Effective locomotion on sand, granular media, soft substrates
More effective locomotion on compliant substrates can be achieved by modifying leg design properties (shape, stiffness) as well as gaits (coordination patterns between legs). Transitional behaviors (specialized turns, jumps) can also improve performance by enabling the robot to avoid or jump over “obstacles” such as areas of a dune that are too soft or too steep; transition between two terrains; or regain control of a robot by resetting its position or orientation.
Above: RHex carries a shear strength sensor up a dune slope with very loose sand in Oceano Dunes, 2016.
Researchers at other institutes (e.g. Dan Goldman’s group at GA Tech and Tonia Hsieh’s group at Temple University) create models describing the physics — mechanics and dynamics — of animals and robots locomoting through a diverse range of compliant substrates. We attempt to harness these models to create robot controllers robust to a poorly modeled, compliant world.
Above: Google auto-generated a video collage of locomotion experiments with RHex at our new location, PERCH.
Below: RHex walks up a dune slope with compact sand at Oceano in 2016.
Most of the world is not paved, but most research on locomotion assumes a rigid surface.
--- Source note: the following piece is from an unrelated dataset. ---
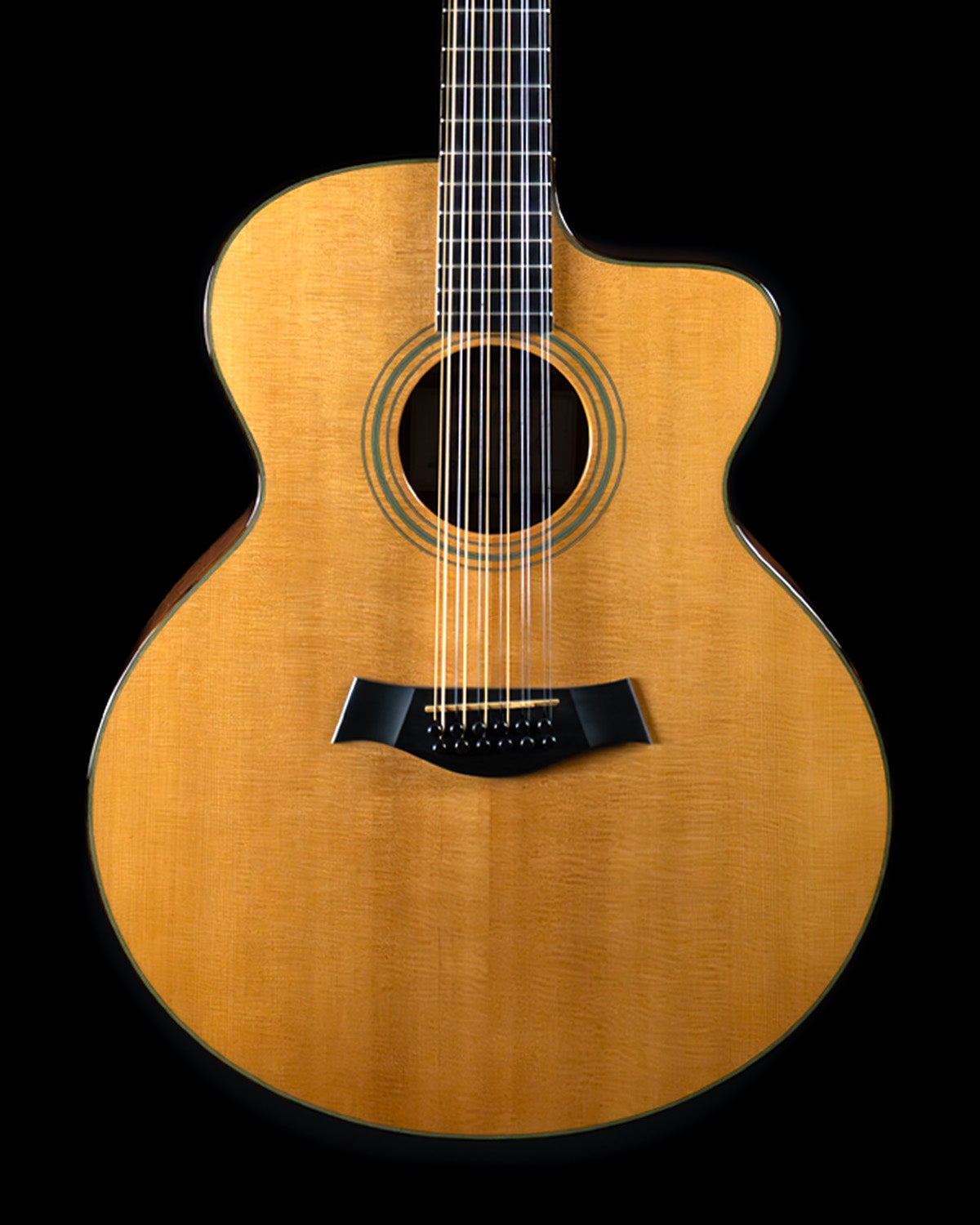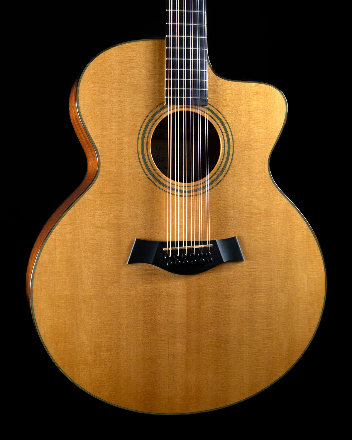 (USED) It was only natural that fingerpicking god Leo Kottke would team up with Taylor on a signature model 12-string, we think that 12s are one of the most satisfying categories that they make, and Leo wanted something dependable that he could travel with and replace at a moment's notice if necessary. These are built on a jumbo platform, with 17" lower bout width and 4 1/2" body depth at the tail block. Sitka spruce top, mahogany back/sides/neck. Soft cutaway for access to the upper frets. The appointments are simple and elegant, with rosewood binding on the body and fingerboard and green accents in the purfling, front and back.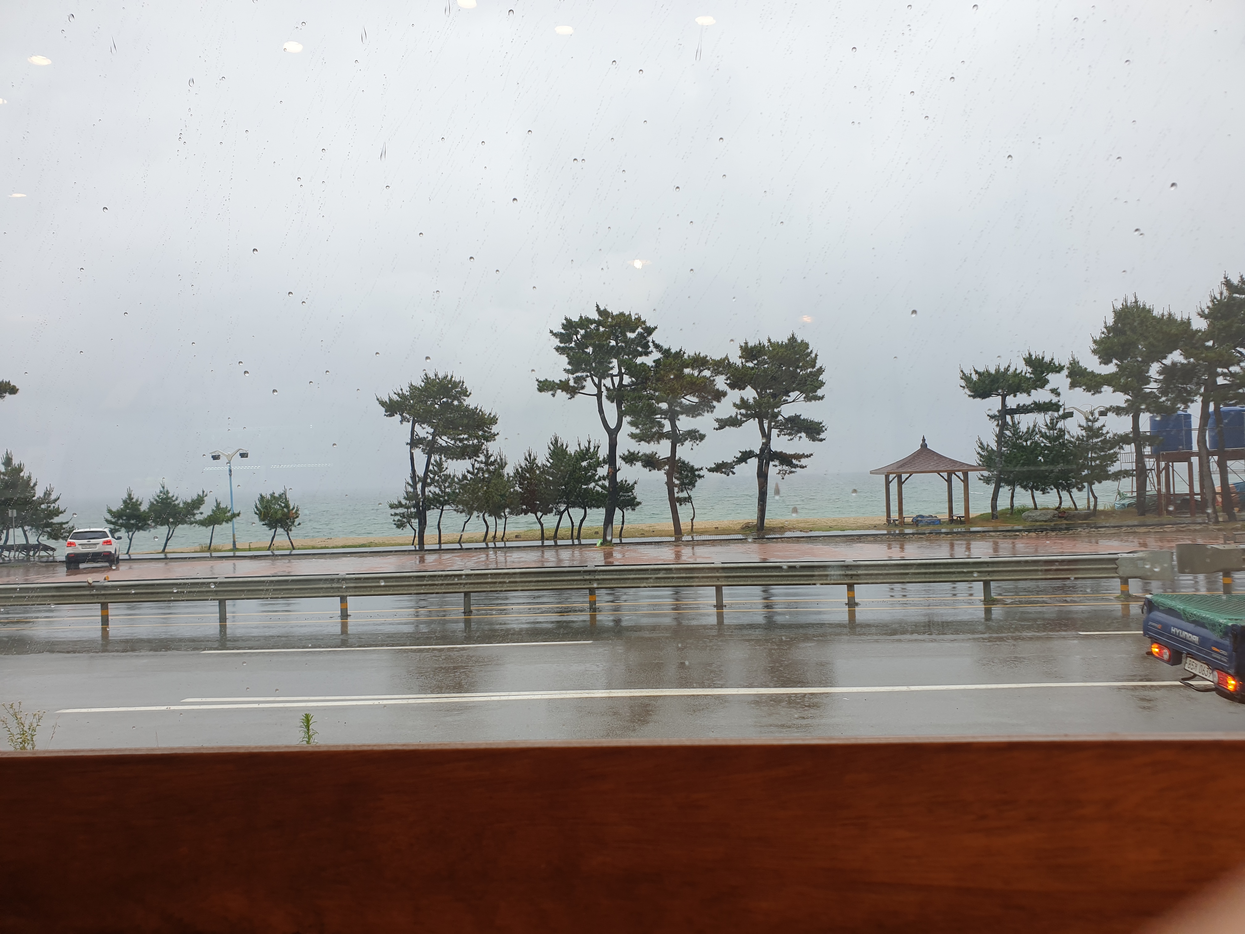 고요하게 비 내리는 경치 아래, 이번 여행 사진을 정리하며 여행을 마무리했던 카페 어느 멋진 날이었습니다.

For example, search-and-rescue operations will almost never take place in rigid environments — either because there is a debris flow, or because the rescue is in wilderness — and extraterrestrial exploration is certainly not going to involve nice roads and staircases. “Legged Locomotion for Desert Research” develops methods for the kind of research that scientists might like to do on other planets right here on earth by taking robots laden with sensor packages to inhospitable deserts, creating little “laboratories on legs” that can produce data with a high spatial and temporal resolution. Traditional methods for conducting geoscientific research produce only good spatial or temporal resolution, but scientists are able to compensate by conducting repeat or higher resolution experiments over multiple trips, provided of course that the scientists can anticipate which experiments require repeating. Increasing the resolution of data during one trip will enable scientists to create massive datasets which can be used for groundbreaking geoscientific research on Earth as well as potentially on other planets.
Sonia Roberts uses a combination of physical experiments and computer simulations to develop controllers for robots to simply and robustly walk on granular substrates like sand, wood chips, etc. Sonia also provides support for the robots Kod*lab lends out to the scientists it collaborates with, including developing simple solutions to pressing locomotion problems (like widening the robot’s legs or switching to stronger gearboxes).